Available data »
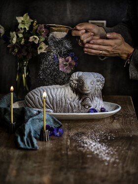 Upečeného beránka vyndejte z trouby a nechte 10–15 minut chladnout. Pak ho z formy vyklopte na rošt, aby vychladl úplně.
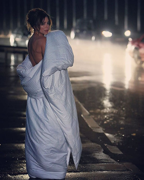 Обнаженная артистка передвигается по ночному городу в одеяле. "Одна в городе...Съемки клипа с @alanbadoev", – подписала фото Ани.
...
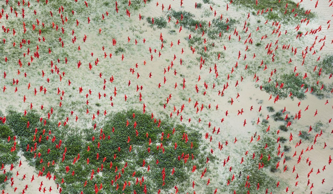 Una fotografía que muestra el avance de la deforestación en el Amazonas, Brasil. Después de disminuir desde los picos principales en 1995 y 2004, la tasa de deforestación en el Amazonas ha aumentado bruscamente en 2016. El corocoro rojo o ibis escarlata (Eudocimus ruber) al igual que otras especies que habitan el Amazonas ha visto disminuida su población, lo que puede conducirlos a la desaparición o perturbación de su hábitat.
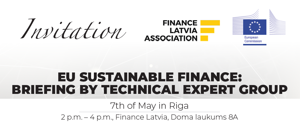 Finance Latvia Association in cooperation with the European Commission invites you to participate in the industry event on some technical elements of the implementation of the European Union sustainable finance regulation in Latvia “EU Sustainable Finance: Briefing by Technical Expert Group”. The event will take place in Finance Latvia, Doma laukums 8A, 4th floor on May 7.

Exercise »
Beginning at the line above that contains "Una fotografía que", repeat each line exactly through the one that contains "Finance Latvia Association", and leave out the pictures.

Output »
 Una fotografía que muestra el avance de la deforestación en el Amazonas, Brasil. Después de disminuir desde los picos principales en 1995 y 2004, la tasa de deforestación en el Amazonas ha aumentado bruscamente en 2016. El corocoro rojo o ibis escarlata (Eudocimus ruber) al igual que otras especies que habitan el Amazonas ha visto disminuida su población, lo que puede conducirlos a la desaparición o perturbación de su hábitat.
 Finance Latvia Association in cooperation with the European Commission invites you to participate in the industry event on some technical elements of the implementation of the European Union sustainable finance regulation in Latvia “EU Sustainable Finance: Briefing by Technical Expert Group”. The event will take place in Finance Latvia, Doma laukums 8A, 4th floor on May 7.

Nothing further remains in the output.